Economist made the winning case against Tyson

AgricultureOnline

02/17/2004 03:35 p.m.CDT

Economist made the winning case against Tyson

By Dan Looker

Business Editor

Successful Farming magazine

Lawyers tend to get the glory in any historic court case, which the Pickett case could be if it survives appeals. But in the verdict reached against Tyson Fresh Meats in Montgomery, Alabama today, it may have been an economist who made all the difference.

The plaintiffs’ expert witness, Auburn University economist Robert Taylor, showed that Tyson and its predecessor, IBP, used captive supplies of cattle to depress prices paid to producers in the open market by between 3% and 7.6%. The jury chose the lowest estimate of damages, 3%, which comes out to $1.28 billion in lost revenue for some 30,000 producers who sold cattle to the company only on the cash market from early 1994 and through October, 2002.

Michael Stumo, an attorney for the Organization for Competitive Markets who worked with the plaintiffs_ lawyers, said that Taylor is the only economist who has seen eight years of internal price records from IBP and Tyson.

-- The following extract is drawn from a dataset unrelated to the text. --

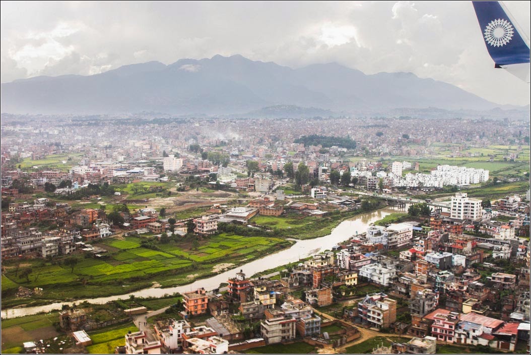W zasadze czasu na patrzenie nie było dużo, bo głównie zajmowaliśmy sie pysznym jedzeniem, którego było dużo, a jak wspominałem lot był dość krótki. Siedzieliśmy po stronie północnej, więc liczyliśmy, że zaraz zobaczymy wielkie Himalaje. No niestety, miast wielkich gór były wielkie chmury. Oznaczało to, że monsun jeszcze się nie skończył. Niestety. Z reguły powinien się cofnąć w drugiej połowie września, ale jak widać nie tym razem. Widoki w dół jednak usiłowały to jakoś rekompensować.

The company had to disclose that information during the lawsuit.

In the end, all of the justification often used for captive supply, such as assuring better beef quality or increasing efficiency in the marketplace, didn’t convince the jury, Stumo said.

“The jury said it was pretext, it was contrived, it wasn’t true,” Stumo said.

“Everything that the American Meat Institute and all the economists on the packer payroll have said, finally, when they had to prove it, they couldn’t,” Stumo said.

Taylor had the beef packer’s internal records on prices paid to producers for eight years, “everyone else was just working off of the claims of packer executives and aggregate, publicly reported data,” Stumo said.